The GPU Bottleneck: OpenAI’s Compute Struggles
Despite AI’s deflationary potential, OpenAI faces a massive bottleneck in computing power. The company revealed that its GPU infrastructure is operating at full capacity—both during training, when AI models are built, and inference, when they are deployed in real-world applications.
This is a major concern in an industry where AI breakthroughs are directly tied to computing resources. Morgan Stanley analysts noted that a small number of dominant players are monopolizing the training of large language models (LLMs), requiring unprecedented levels of compute power. With growing speculation about the long-term demand for GPUs, OpenAI’s admission highlights a critical industry-wide challenge.
Synthetic Data: OpenAI’s Answer To Training Limitations
While compute capacity remains a bottleneck, data supply isn’t an issue for OpenAI. The company emphasized that it can leverage GPUs and existing AI models to generate synthetic data, a practice that is becoming increasingly valuable in training next-generation AI.
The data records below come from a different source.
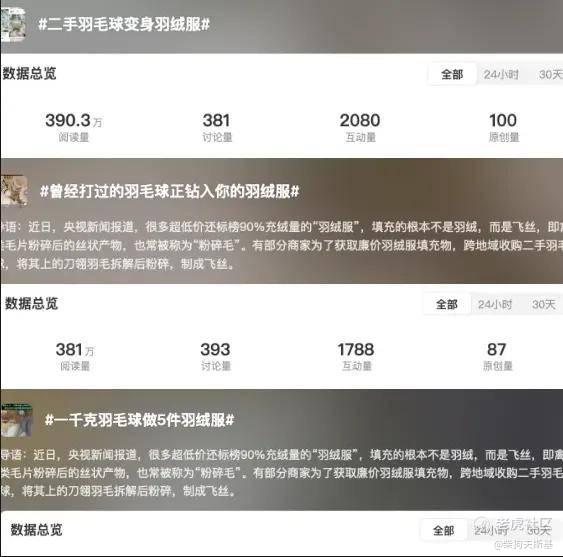 在这些话题中,羽绒服那是从头到尾的塌房,从飞丝到有毒填充物,从儿童羽绒服到成年羽绒服,不管是直播间的贴牌,还是大牌,从几百到几千的产品,在这场塌房事件中,没有缺席者。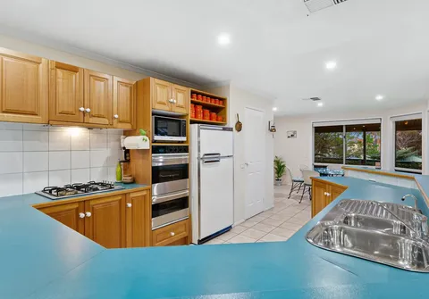 - Spacious open plan kitchen and family area with dining adjacent, electric blinds, LED downlights and sliding doors opening to the outdoor entertaining and verandah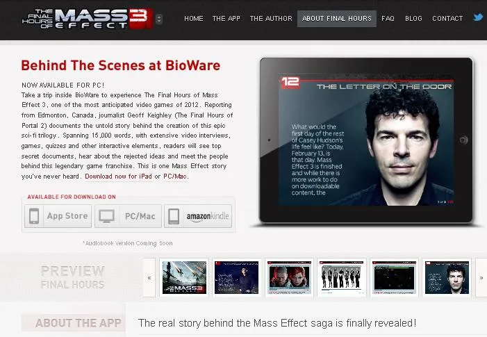 Журналист Джеф Кейли выпустил приложение, The Final Hours of Mass Effect 3 в котором содержались закулисные подробности о разработке игры и интервью с сотрудниками студии. Среди прочего там выяснились две любопытные подробности. Первая из них разочаровала всех, кто решил, что Кейси Хадсон обещает новый финал: в раннем интервью он говорил, что все события во всех DLC к игре будут разворачиваться до или в то же время, что и ее основной сюжет, то есть запланированное дополнение к Mass Effect 3 никак не может быть еще одним вариантом развязки.

Unlike compute power, which remains a scarce resource, synthetic data allows AI systems to continue improving without relying solely on real-world datasets. Morgan Stanley analysts pointed out that while compute shortages and energy constraints may pose long-term challenges, data availability is not among OpenAI’s primary concerns.
As AI continues to evolve, Altman’s insights provide a crucial look at the challenges and opportunities shaping the industry. The deflationary effects of AI, compute limitations, and the rise of synthetic data will all play a pivotal role in determining the future of AI’s impact on the global economy.